From experiment runner → product surface.
A pragmatic sequence: stabilize the engine, ship a clean UI for iteration, then expand capabilities (reflection, better evaluation, and multimodal toolchains).
✅ Recently Shipped
Evolution system with comprehensive tooling.
Plugin Registry — Hook-based extensibility with 8 lifecycle hooks for pre/post transformations
Profile Tracking — Automatic agent achievement tracking with specialty detection (10 specialty types)
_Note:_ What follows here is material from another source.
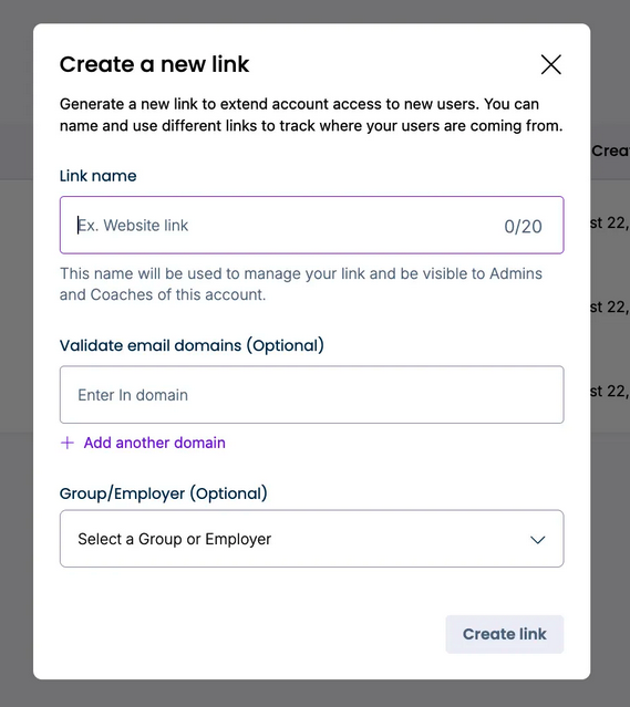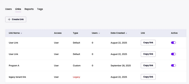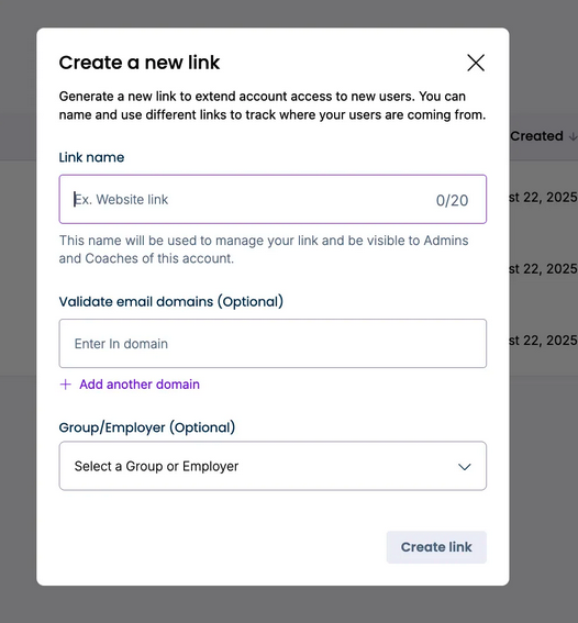 Tracking links are unique URLs you can share with job seekers in order to associate them with a tag and/or group. When a user signs up using your tracking link, they will automatically be associated with that tracking link, making it easier to attribute engagement to your organization or program.
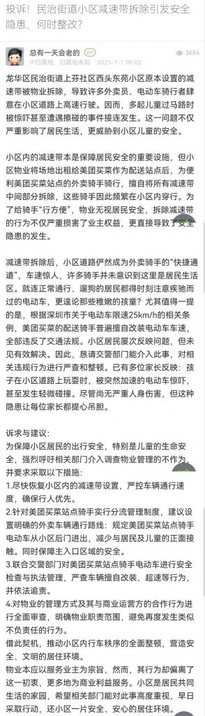 10. 帖文《投诉!民治街道小区减速带拆除引发安全隐患,何时整改?》

Reflection Viewer — Browse, search, filter, and export archived reflections with multi-dimensional filters
Codex Promotion — Curated anthology with 6 thematic chapters, cross-references, and auto-categorization
Near-term
Polish and packaging.
• CLI as installable package (pip/conda)
• YAML schema validation for experiments
• Enhanced error messages and logging
• Performance optimizations for large swarms
Mid-term
Advanced evolution features.
• Multi-objective optimization (Pareto fronts)
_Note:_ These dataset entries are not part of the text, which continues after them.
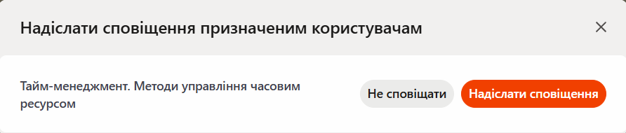 Після натискання кнопки Керування сповіщеннями відкриється модальне вікно з назвою завдання, термін якого було змінено. Тут можна вибрати одну з дій: "Надіслати сповіщення", щоб поінформувати користувачів або "Не сповіщати", щоб внести зміни без розсилки.
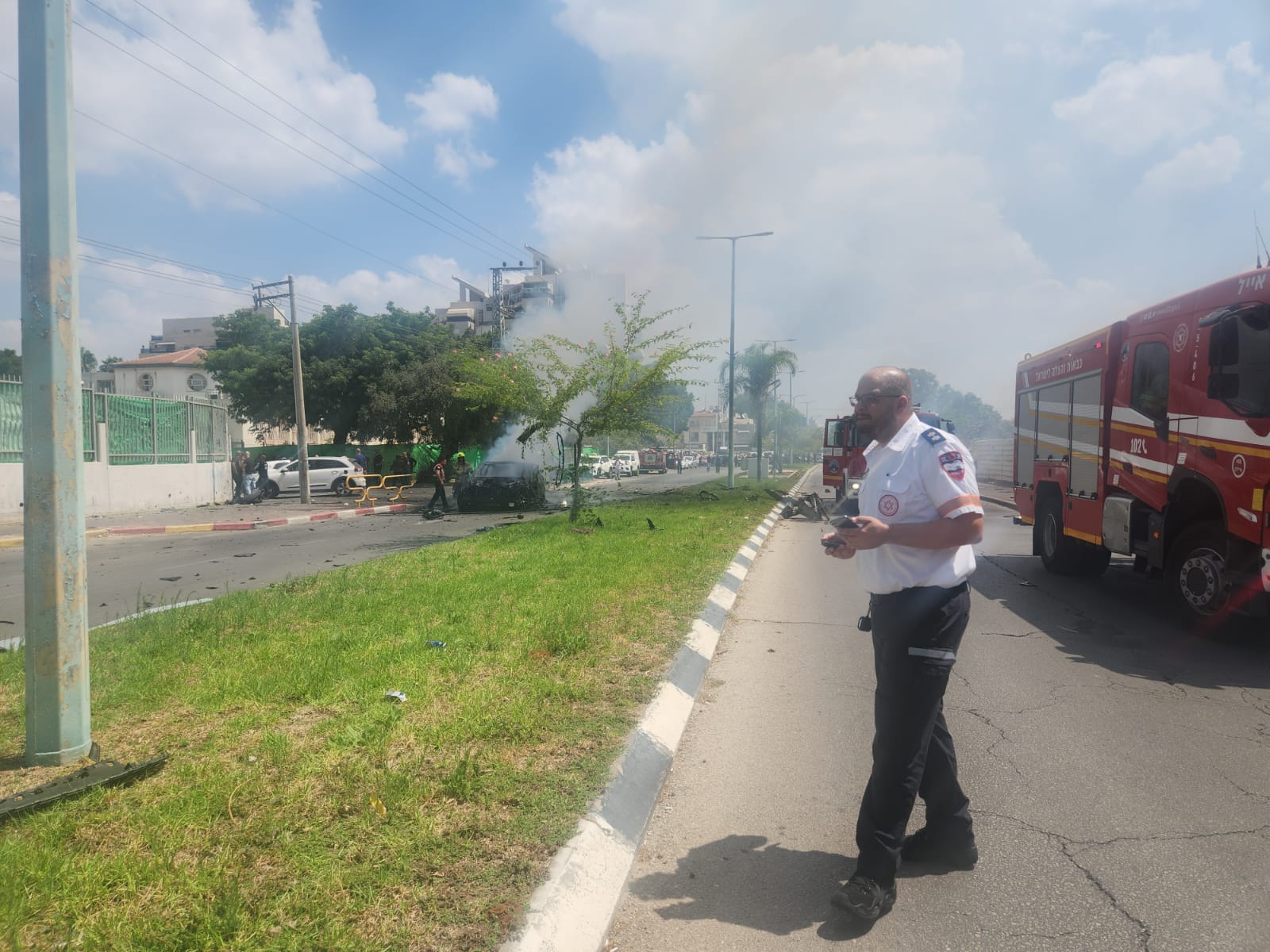 "הגענו למקום וראינו עשן ולהבות יוצאים מהרכב. לאחר פעולות הכיבוי של לוחמי האש ראינו גבר מחוסר הכרה ללא דופק וללא נשימה. ביצענו בדיקות רפואיות אבל לצערנו נאלצנו לקבוע את מותו במקום."
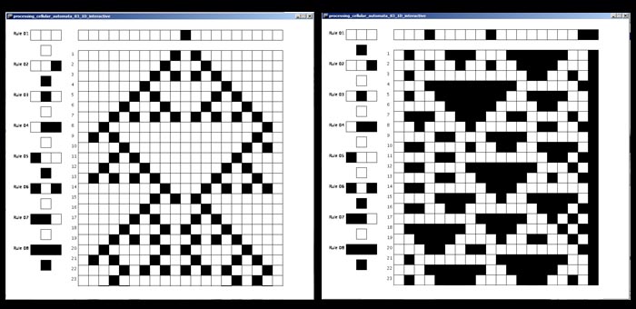 Cellular Automata Example (Linear Pattern)4.564 | Tutorials and Samples (Processing)write requests to: takehiko@mit.edu original: 2002.09.02.02 last revised : 2013.05.05 |

• Cross-run lineage tracking
• Agent collaboration protocols
• Custom fitness function registry
Product surface
GUI-driven workflow.
• Drag-and-drop experiment builder
• Two-way YAML ↔ Canvas sync
• Monitor tab with “Add to Archive”
• Codex viewer with archetypes + entries
Longer-term
Multimodal + world interaction.
• Vision & video toolchains
• Outcome-constrained learning loops
• Domain-specific swarms (sports, research)
• Stronger governance over memory
How to use this roadmap
Treat each milestone as a test: “Can a new user define an experiment, run it, understand the result, and promote a learned pattern into the Codex?”